Die Beuth-Hochschule in Berlin-Wedding.

Der Namensgeber der Berliner Beuth-Hochschule für Technik war Antisemit. Christian Peter Beuth, hoher preußischer Ministerialbeamter, wünschte Juden in einer Rede von 1811 den Tod und reproduzierte antijudaistische Ressentiments wie die Legenden um den Ritualmord an christlichen Kindern. So viel ist unstrittig.

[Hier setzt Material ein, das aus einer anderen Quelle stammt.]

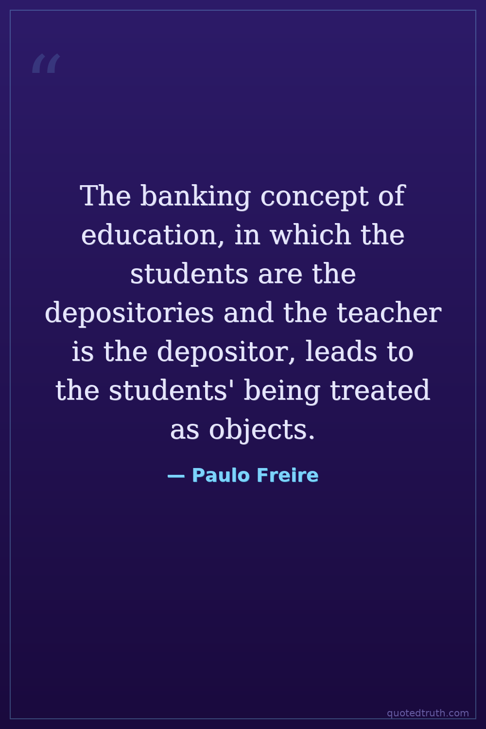 The banking concept of education, in which the students are the depositories and the teacher is the depositor, leads to the students' being treated as objects.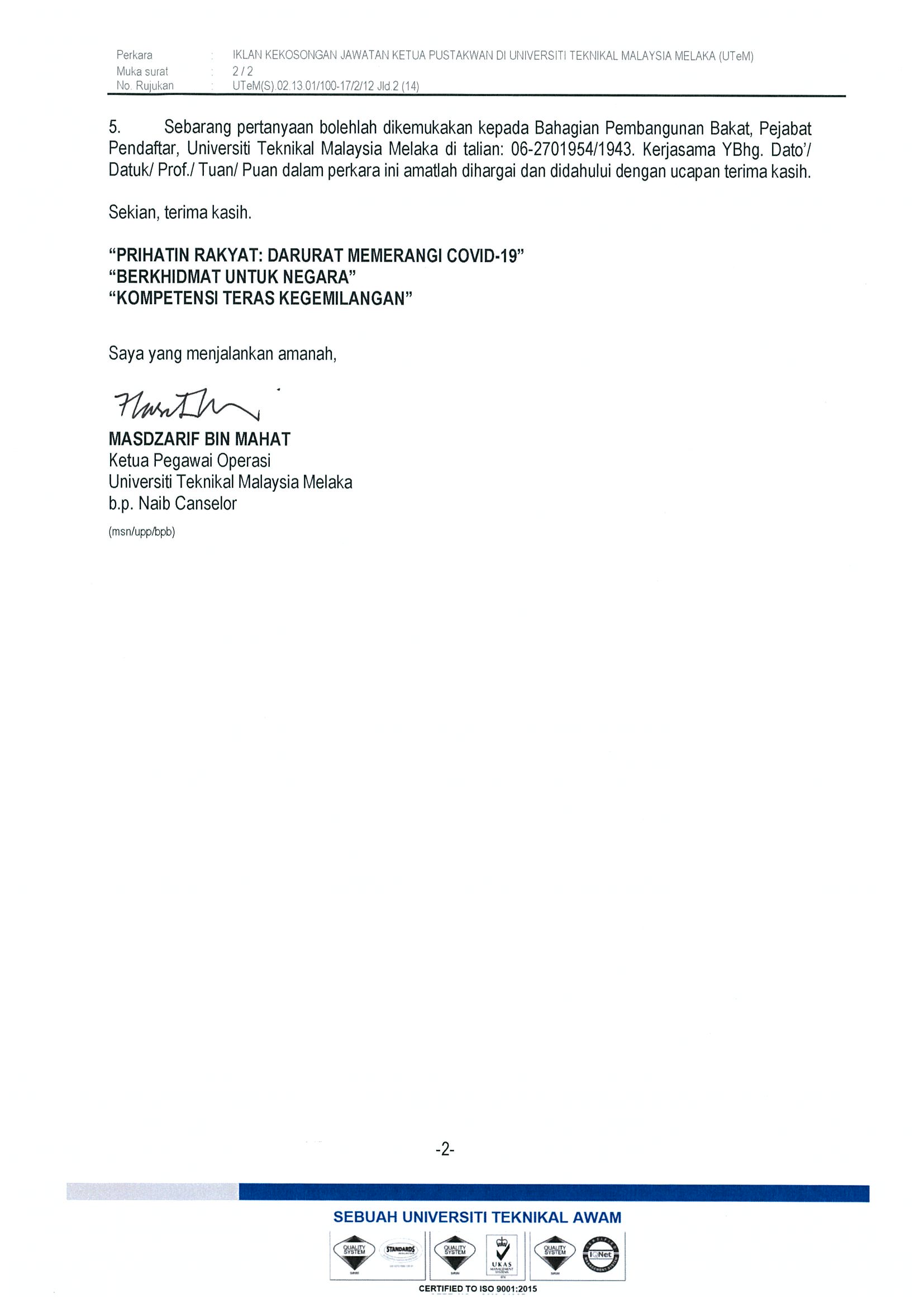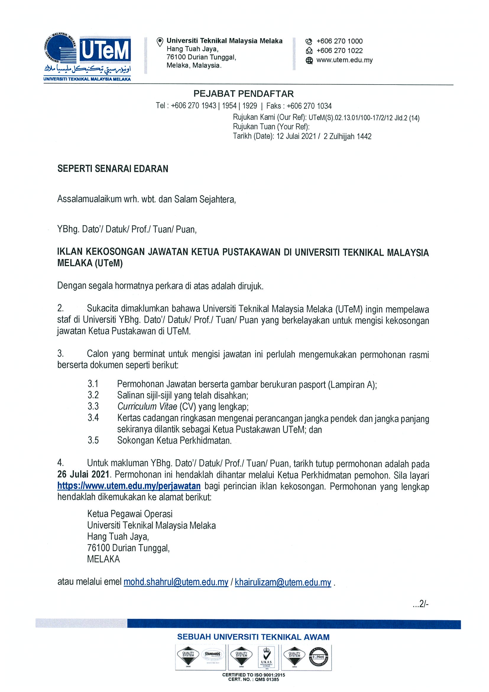 Iklan Kekosongan Jawatan Ketua Pustakawan Di Universiti Teknikal Malaysia Melaka (UTeM) (.pdf)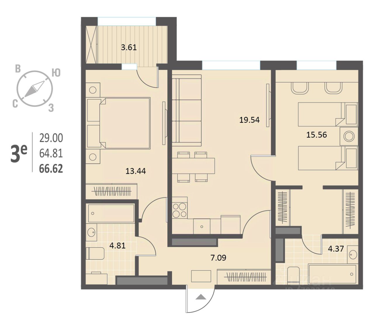 Продаётся 2-комнатная квартира в сданном доме (Краснознамённая, 72), срок сдачи: IV-кв. 2025, общей площадью 66.62 кв.м., на 5 этаже. Жилой комплекс расположен в Ленинском районе Воронежа, в 5 минутах от Цирка, на пересечении улиц Краснознаменная и Чапаева. В шаговой доступности школа и детские сады, а на первом этаже жилого дома предусмотрено помещение под продуктовый супермаркет и другие коммерческие площади.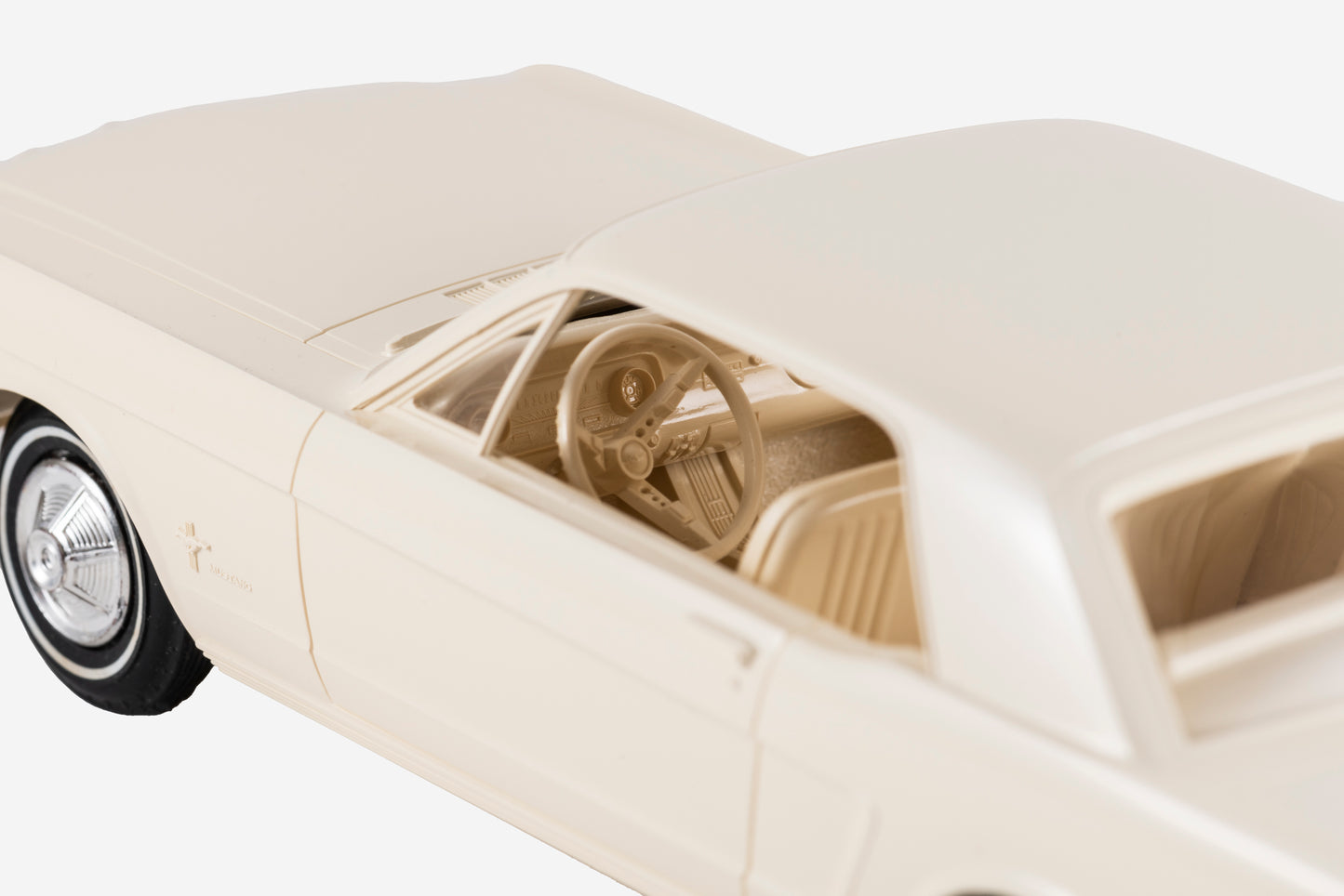 This particular dealer promo model is made in likeness to the 1965 Ford Mustang. It features a Wimbledon White exterior with the classic first-generation Mustang design cues including chrome accents on the grille, bumpers, and sequential taillights. The interior features loads of fine detailing.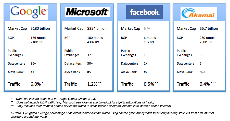De acordo com a companhia digital Arbor Networks, a gigante de Mountain View atingiu recentemente a marca de 6,4% de todo o tráfego mundial de dados. Para que você tenha uma noção do crescimento deste número, há três anos o Google apresentava uma participação de apenas 1%.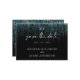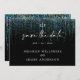 Save the Date abstrato moderno - Uma guirlanda arrojada e brilhante em azul-turquesa cascata pela página, em caligrafia manuscrita está "salve a data" - as iniciais do casal no topo - o resto do texto é simples e limpo - tudo em um fundo preto. Papelaria de casamento elegante.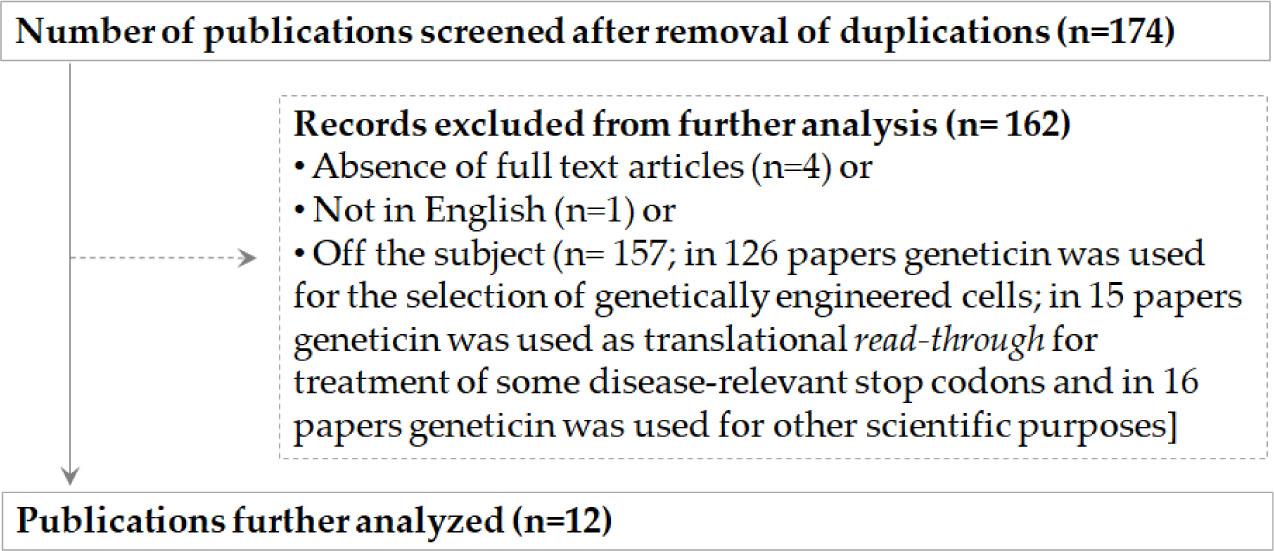 The National Center for Biotechnology Information Database (https://www.ncbi.nlm.nih.gov/, accessed 19 January 2023) was used for acquiring selected literature (n = 171). Search terms were: “Geneticin” combined with “Melanocytes” or “Keratinocytes” or “Fibroblasts”. Hand searches of relevant publications that were not discovered in the PubMed database provided additional sources of information (n=4).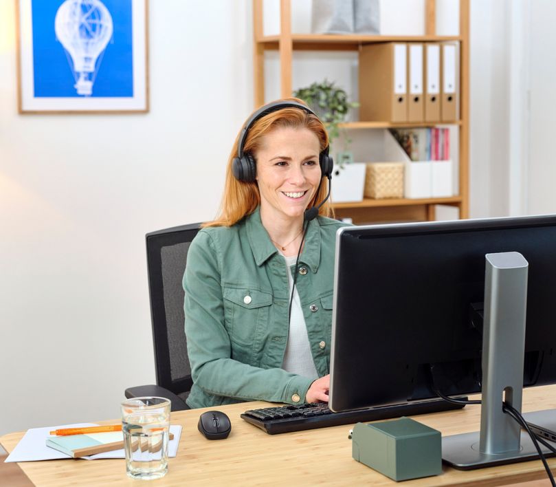Ponořte se do schůzek s naprostým pohodlím díky náhlavní soupravě HS-150. Díky ovladači hlasitosti na uchu a otočnému mikrofonu s možností ztlumení máte k dispozici všechny ovládací prvky, které potřebujete, abyste ze svých online schůzek a videohovorů vytěžili maximum.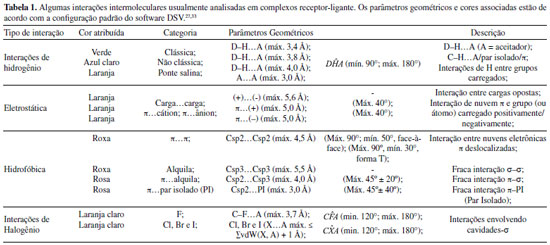 Ressalta-se que essa ferramenta permite inspecionar os complexos obtidos, por cálculos A.M. e aqueles determinados experimentalmente, desde que haja um arquivo de entrada, contendo as coordenadas cartesianas atômicas, no formato *.pdb.4 Na etapa de inspeção, após observar a conformação ativa do ligante, o usuário pode priorizar os contatos não-covalentes mais relevantes. Para tal, habilitando o painel de monitoramento do DSV, a aba NON-BOND permite ao usuário caracterizar as interações presentes no complexo, ao mesmo tempo, verificando quais são os parâmetros geométricos (distância e ângulo) associados. Na Tabela 1, podem ser visualizados alguns parâmetros geométricos, tipo de interação, cor atribuída e categoria das interações favoráveis, habitualmente listadas, em complexos receptor-ligante.

Aber muss sich die Beuth-Hochschule deshalb erneut umbenennen? 2009 hatte die einstige Technische Fachhochschule Berlin Beuths Namen erhalten, damals wurde er als „geistiger Vater der Ingenieurausbildung in Deutschland“ gewürdigt. Beuth hatte 1821 mit dem Technischen Institut in Berlin die erste derartige Schule in Preußen initiiert. Er war auch ein Zeitgenosse von Friedrich Ludwig Jahn, dessen Antisemitismus derzeit in Pankow ebenfalls Forderungen nach einer Umbenennung des Jahn-Sportparks ausgelöst hat.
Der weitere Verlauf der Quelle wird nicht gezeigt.